___ Source material

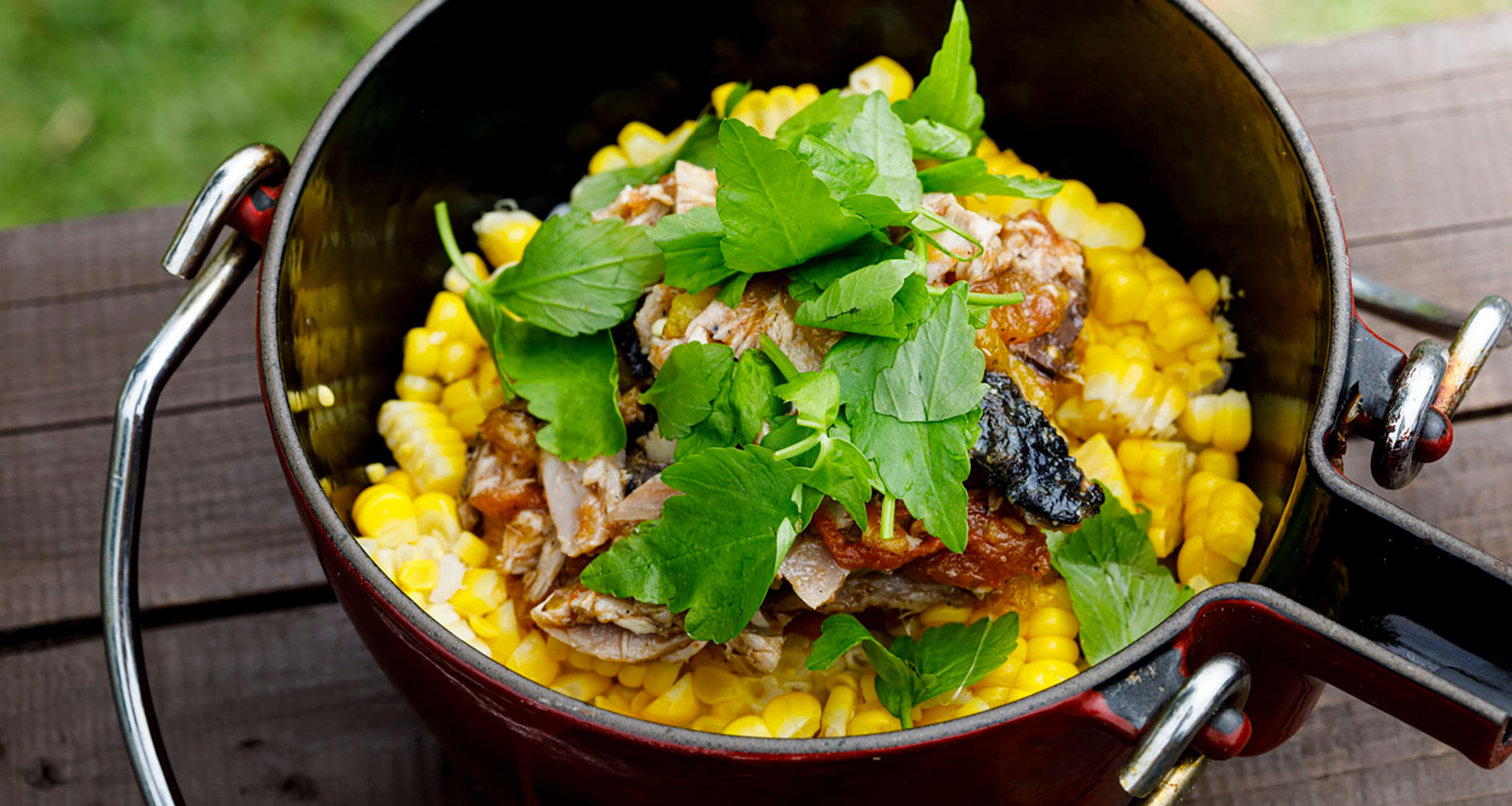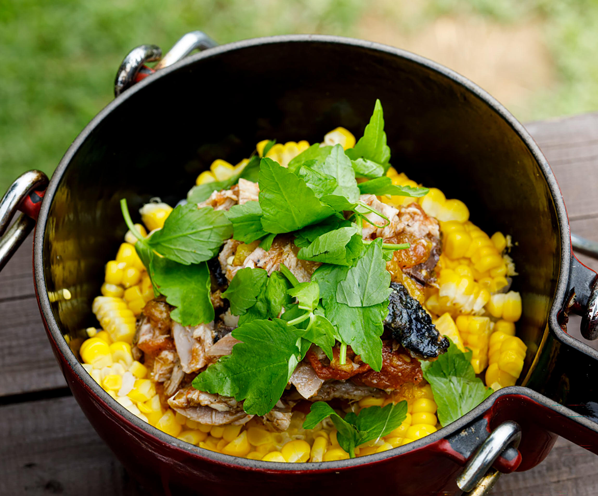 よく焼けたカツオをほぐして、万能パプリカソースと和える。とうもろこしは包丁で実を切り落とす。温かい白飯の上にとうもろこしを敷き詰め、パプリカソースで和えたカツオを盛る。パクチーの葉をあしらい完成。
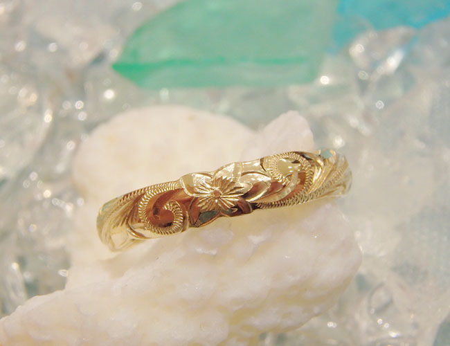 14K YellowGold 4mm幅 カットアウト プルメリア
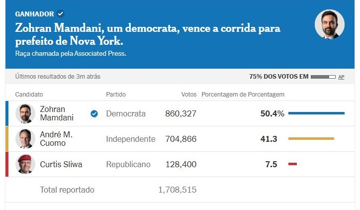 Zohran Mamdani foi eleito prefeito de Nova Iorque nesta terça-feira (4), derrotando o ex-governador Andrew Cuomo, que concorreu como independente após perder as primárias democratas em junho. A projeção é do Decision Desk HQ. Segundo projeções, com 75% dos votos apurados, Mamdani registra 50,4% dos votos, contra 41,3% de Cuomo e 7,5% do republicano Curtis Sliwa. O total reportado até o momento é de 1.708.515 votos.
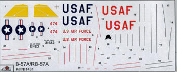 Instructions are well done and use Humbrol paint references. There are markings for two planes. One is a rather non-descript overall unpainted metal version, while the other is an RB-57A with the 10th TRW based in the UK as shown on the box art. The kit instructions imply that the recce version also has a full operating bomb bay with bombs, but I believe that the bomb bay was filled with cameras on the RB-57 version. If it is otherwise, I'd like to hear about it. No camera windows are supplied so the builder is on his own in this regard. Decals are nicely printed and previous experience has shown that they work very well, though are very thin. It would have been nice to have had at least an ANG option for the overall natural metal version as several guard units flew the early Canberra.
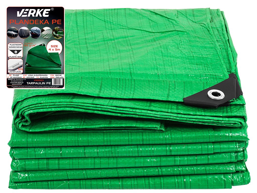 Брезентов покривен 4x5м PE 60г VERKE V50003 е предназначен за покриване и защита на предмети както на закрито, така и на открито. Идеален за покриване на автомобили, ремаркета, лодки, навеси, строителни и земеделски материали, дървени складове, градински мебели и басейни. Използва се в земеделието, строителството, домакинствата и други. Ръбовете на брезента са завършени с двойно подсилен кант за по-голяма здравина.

______

About this task: Would you output only the span of the records above that opens with the line containing "14K YellowGold 4mm幅 カットアウト プルメリア" and closes with the line containing "Zohran Mamdani foi", ends included and pictures dropped?

Solution to this problem:
 14K YellowGold 4mm幅 カットアウト プルメリア
 Zohran Mamdani foi eleito prefeito de Nova Iorque nesta terça-feira (4), derrotando o ex-governador Andrew Cuomo, que concorreu como independente após perder as primárias democratas em junho. A projeção é do Decision Desk HQ. Segundo projeções, com 75% dos votos apurados, Mamdani registra 50,4% dos votos, contra 41,3% de Cuomo e 7,5% do republicano Curtis Sliwa. O total reportado até o momento é de 1.708.515 votos.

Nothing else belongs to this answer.